Pan Daniel od 5 lat prowadzi swoją firmę, przy ulicy Kościuszki w Gryficach. Nigdy nie zdarzały się włamania czy kradzieże z terenu jego sklepu. Jednak w ubiegłym miesiącu spokojna okolica zamieniła się w ulubione miejsce dla złodziejaszków.
- W ciągu kilku tygodni, przynajmniej raz w tygodniu ktoś mnie okradał. Złodzieje przechodzili przez mur, wchodzili na podwórko i wynosili co tylko wpadło w ich ręce: piła stołowa, rusztowanie aluminiowe – wymienia w rozmowie z reporterem SuperPortalu24 Daniel Szczepański – właściciel sklepu Majster w Gryficach. - Jednak najbardziej rozzłościła mnie kradzież okien, które miały trafić do klientów następnego dnia – opowiada pan Daniel.

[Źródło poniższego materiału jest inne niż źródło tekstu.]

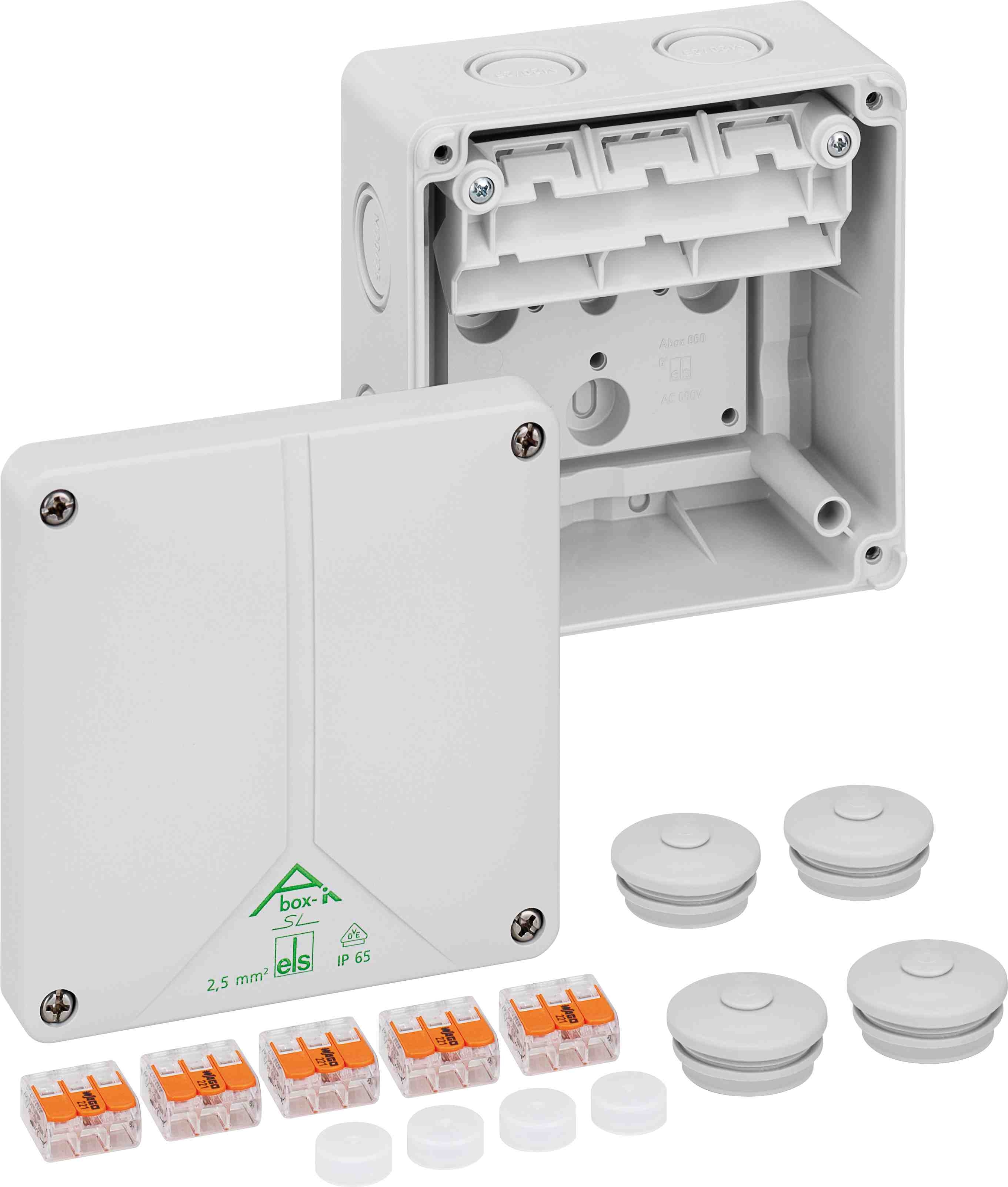 Rozbočovací krabice, se stupněm krytí IP65, Jmenovitý průřez 4 mm?, Ui=450V AC, Certifikováno VDE (DIN EN 60670-1/-22 (VDE 0606-1/-22)), DLG (odolnost vůči čpavku), Vyrážecí membrány, M20/M25, (2 Zpětné, 7 bočně), Vnitřní místa pro připevnění, s bezšroubovými svorkami pro instalace v průmyslovém prostředí a chráněném venkovním prostředí, šedá, s 5 vysoko položenými, bezšroubovými 3-vodičovými svorkami Wago 221-413, max. jmenovitý průřez podle DIN EN 60998: 4 mm?, při proudové zatížitelnosti 24 A, svorkovatelné průřezy na pól: 3 x 0,2 až 4 mm? pevné a 3 x 0,14 až 4,0 mm? flexibilní Rozměry: 110 x 110 x 67 mm Přiložené příslušenství: 4Dvojitá membránová vývodka IP66 M25 Rozsah těsnění 9 - 16 mm

Skoro kradzieże się nasiliły, przedsiębiorca na podwórku postawił metalowy kontener, w którym zamyka wszystkie cenne narzędzia czy produkty. To wcale nie przeszkodziło rabusiom. – Wczoraj złodzieje przyszli i próbowali odciąć katalizator z rurą wydechową z naszego samochodu dostawczego. – Nie mam już sił do obrony przed nieznajomymi, którzy ciągle mnie okradają – przyznaje załamany przedsiębiorca, który prosi o pomoc i wyznacza 2 000 złotych nagrody za wskazanie sprawców.
Sprawą zajmuje się policja w Gryficach, a właściciel sklepu próbuje znaleźć bandytów na własną rękę. Być może ktoś z państwa rozpoznaje czapkę (zdjęcie nr 3) która została zgubiona najprawdopodobniej przez jednego ze złodziejów?